Stock market is not the place to be for conservative investors. If you do not have time for research and you don’t understand how market behaves, it’s recommended to keep safe distance. Uninformed investors should opt for safer investment avenues like Bank Fixed Deposit and if you are a little more adventurous, you can go for company FDs.
Today, banks are offering interest rates on fixed deposit in the range of 7 to 9.25%. Bank Fixed Deposit is quite safe as most of the banks employ enough checks and balances so that people’s money is not at risk. RBI too backs all the banks with respect to deposits and there is no scope for default. Bank Fixed Deposit is the most popular investment in India and high interest rate scenario makes it more attractive. Investor is worry free regarding research and can sit at home without worrying until the tenure of the deposit completes. There is enough flexibility in terms of premature closing, tenure and interest payments that makes this option desirable. Let’s find out how good this investment option is and who should opt for it.
Important Features of Fixed Deposit
- Tenure of Fixed Deposit varies from 7 days to 10 years
- The interest can be compounded quarterly, half-yearly or annually
- Minimum deposit amount is Rs 1,000 and there is no upper limit
- Frequency of interest payment is on monthly or quarterly basis and interest reinvestment option is also available
- Interest Income is Taxable
Why you should invest in Bank Fixed Deposit?
Fixed deposits are touted as one of the safest investments and one should consider investing in them because of following reasons –
Investors, who are more concerned about safety, should go for bank FD. There is almost zero default risk and no uncertainty in the future cash flows. You can align tenure of the fixed deposit with your long-term goals like child’s marriage or education.
Source of regular income:
Bank FD can be used as source of regular income, since interest on the Fixed Deposit account is credited to the savings account specified by the holder on a monthly or quarterly basis.
Addressing Emergency Capital Requirements:
In case of emergency, you can withdraw money prematurely, subject to some penalty, as prescribed by the bank on the date of deposit. You can also avail loan facility up to 90% of principal and accrued interest. Almost all the banks provide this facility against your Fixed Deposit.
Extra Benefit for Senior Citizens:
Senior citizens get extra benefits in the form of higher interest rates which are 25 to 50 basis points above the normal rates.The
The taxation rules on fixed deposits are quite simple. The interest earned on Fixed Deposit is added to the total income of a person and then taxed according to his tax slab. Also, if the total interest earned on all your fixed deposits is higher than Rs 10,000 in a financial year, tax is deducted at source as per the Income Tax Act, 1961.
The principal amount invested in fixed deposits with a maturity period of over and above 5 years is eligible for tax deduction under section 80C, but the interest earned on the deposit is still taxable.
Investment in fixed deposit gets slightly disappointing if we take taxation into consideration especially for an investment of tenure less than five years.

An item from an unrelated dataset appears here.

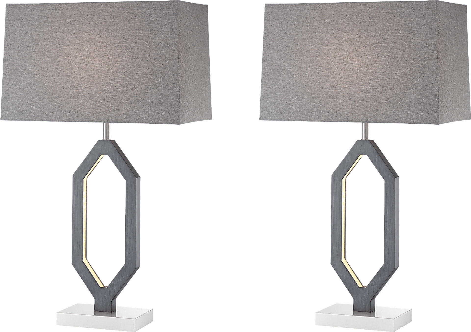 Brighten up your space with the contemporary flair of this set of two Guejito Gate lamps. Their gray-washed bodies feature an open geometric design. The rectangular shades top the pair in neutral gray. Each lamp has a built in 5-watt LED nightlight and accommodates up to a 100-watt bulb (not included).

Adding inflation in calculation makes the situation worse.
Investment decision always works on risk reward concept. No investment option is better than the other. It is the investor who has to decide what he wants from any investment and then invest accordingly. Although the taxation rules make this option a little less attractive, once we take time and knowledge factors into consideration this, weakness turns into strength.